«Sul salario minimo il Pd farebbe bene ad abbandonare la propaganda. La proposta di legge non si può calendarizzare a Montecitorio per una questione tecnica: l’articolo 78 del regolamento della Camera e l’articolo 51 del regolamento del Senato vietano la sovrapposizione dei progetti di legge tra un ramo e l’altro del Parlamento. E al Senato sta procedendo l’esame della delega al governo in materia di retribuzione dei lavoratori e di contrattazione collettiva. Entro fine mese si andrà al voto». Il presidente della commissione Lavoro della Camera, Walter Rizzetto (Fratelli d’Italia), respinge al mittente le accuse mosse dalla segretaria dem Elly Schlein e da diversi parlamentari del Pd e del M5S, secondo cui la destra blocca la discussione in Aula a Montecitorio del testo di iniziativa popolare (C 2179) per l’introduzione del salario minimo di 9 euro l’ora.
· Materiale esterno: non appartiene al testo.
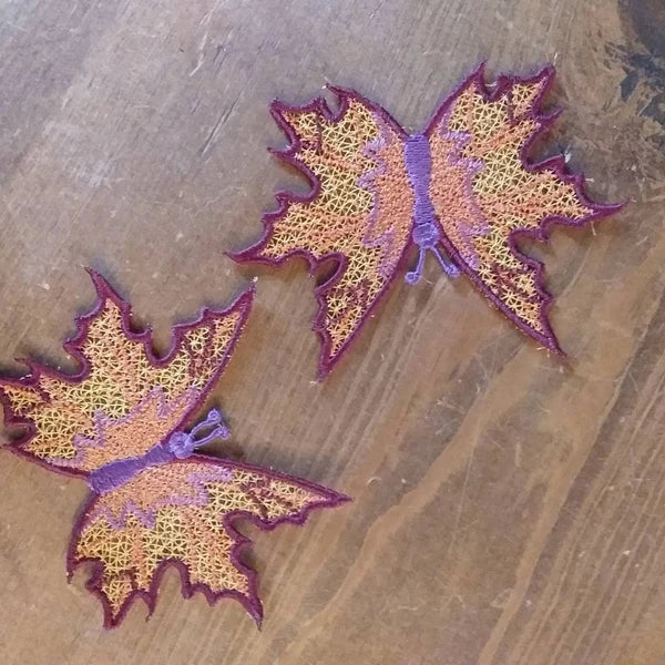 Precious Autumn Fall Leaf Butterfly FSL freestanding lace machine embroidery designs assorted sizes home decor or outfit accent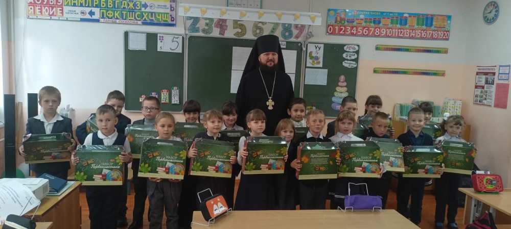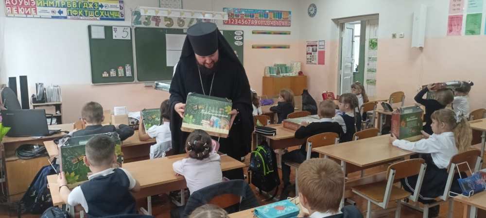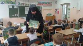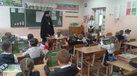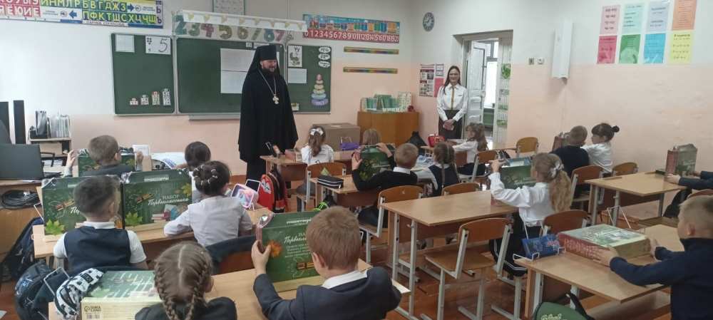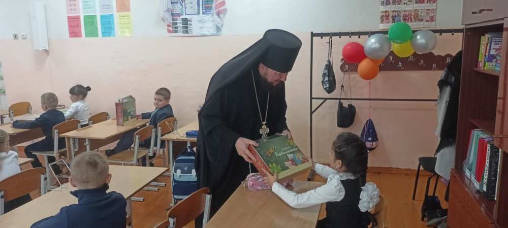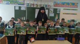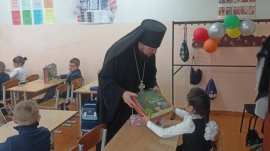 Встреча настоятеля храма св. блж. Матроны Московской с первоклассниками средней школы в п. Красный Гуляй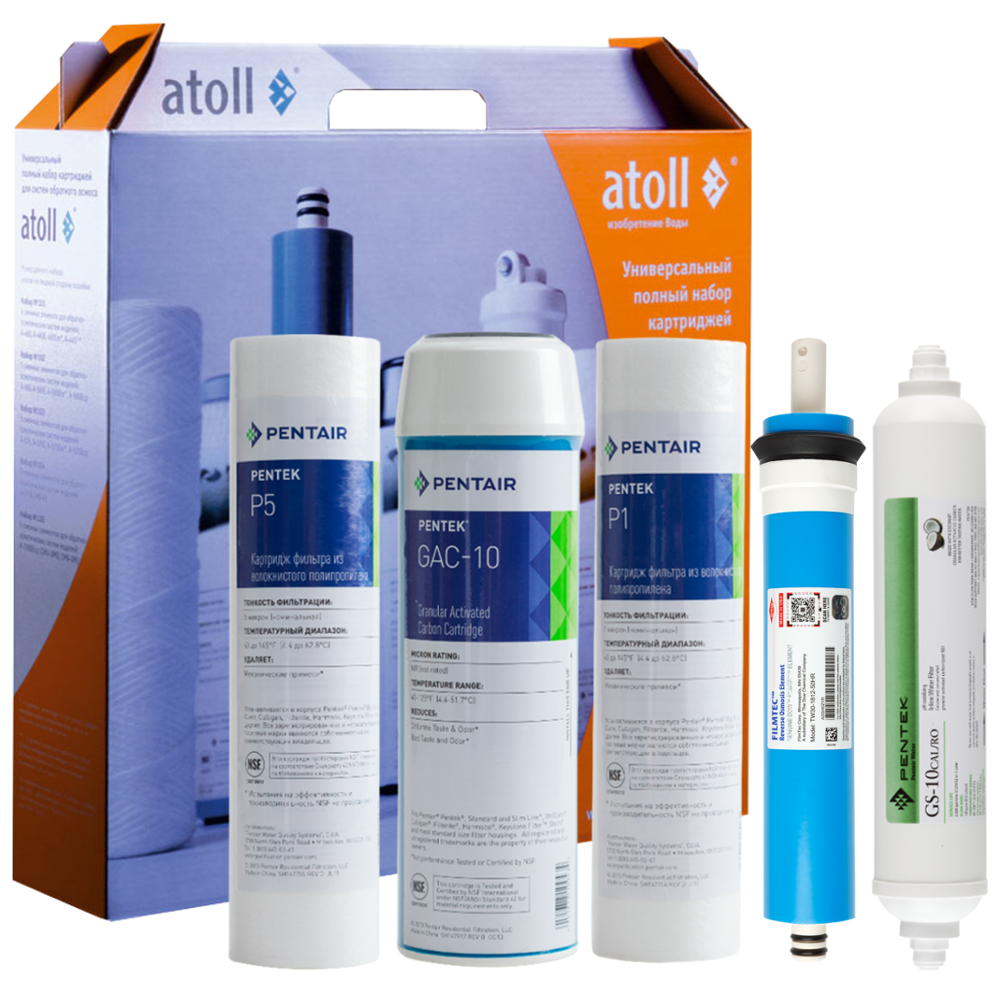 Полный набор картриджей Atoll №102m предназначен для замены использованных элементов в системах обратного осмоса.
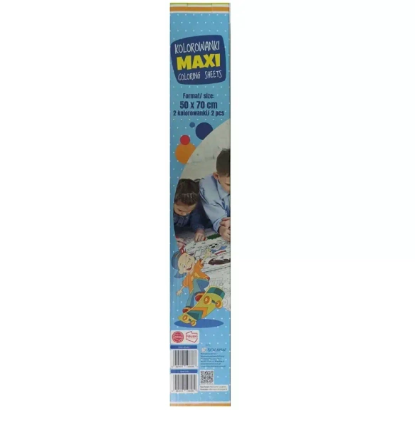 Wielkoformatowa kolorowanka wykonana z grubego, białego papieru. Możliwość pracy kilku osób jednocześnie. Profesjonalna grafika, wyraźny druk w kolorze czarnym. Rolowany bez zagnieceń. W tekturowej tubie chroniącej przed zniszczeniem. Odpowiedni do kolorowania kredkami, flamastrami, markerami i farbami.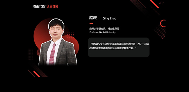 趙慶于2017 年獲南開大學無機化學博士學位,師從陳軍院士。后赴美國康奈爾大學從事博士后研究,2021年全職加入南開大學。主辦方表示,他構建了幾類安全穩定的高能金屬二次電池界面,為下一代電池儲能體系的界面和安全問題提供了解決方案。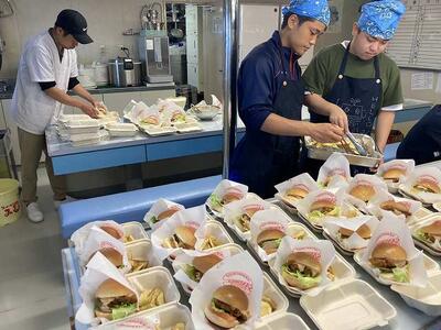 消火設備・消火ホースを実際に体験します。 本日の昼食「進洋丸プレミアムバーガー」準備中!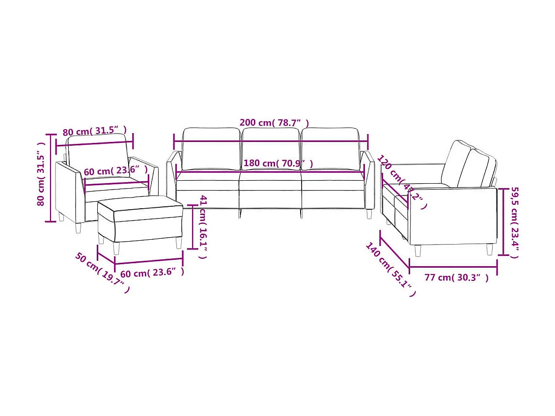 Ensemble de canapés 4 pcs avec coussins Crème Similicuir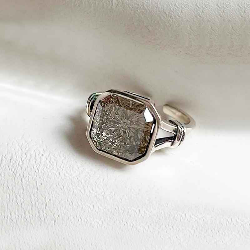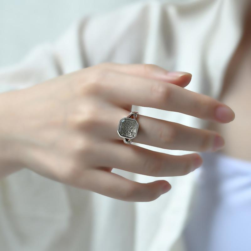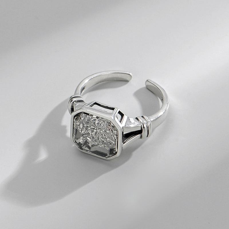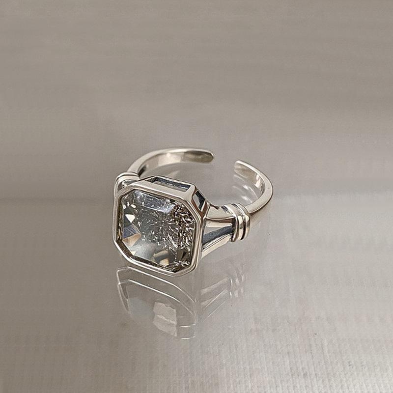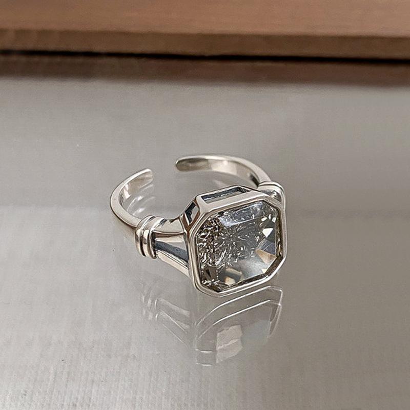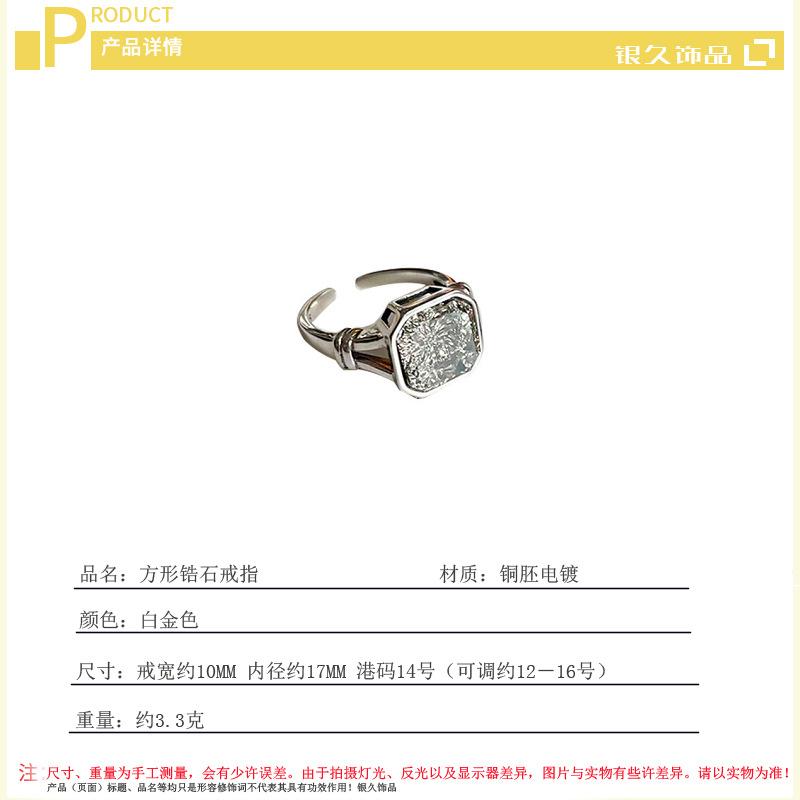 Anillo de Zirconia Cuadrada de Alta Gama Moda para Hombre y Mujer Diseño Nicho de Moda Zirconia Estilo Lujo Ligero Anillo Abierto

Il nodo dei regolamenti parlamentari
Accuse strumentali, afferma Rizzetto. «Io non posso ignorare gli articoli dei regolamenti di Camera e Senato: sarebbe un’anarchia che crea un precedente», spiega. Aggiungendo un altro elemento: «Al provvedimento all’esame di Palazzo Madama già approvato alla Camera (nella versione che aveva sostituito con un maxi-emendamento la proposta delle opposizioni in materia di salario minimo ed era rimasta poi ferma da dicembre 2023, ndr), è abbinato un Ddl a prima firma Tino Magni di Avs, identico a quello reclamato dalle opposizioni. Ricalendarizzando a Montecitorio, decapiteremmo anche la proposta a Palazzo Madama».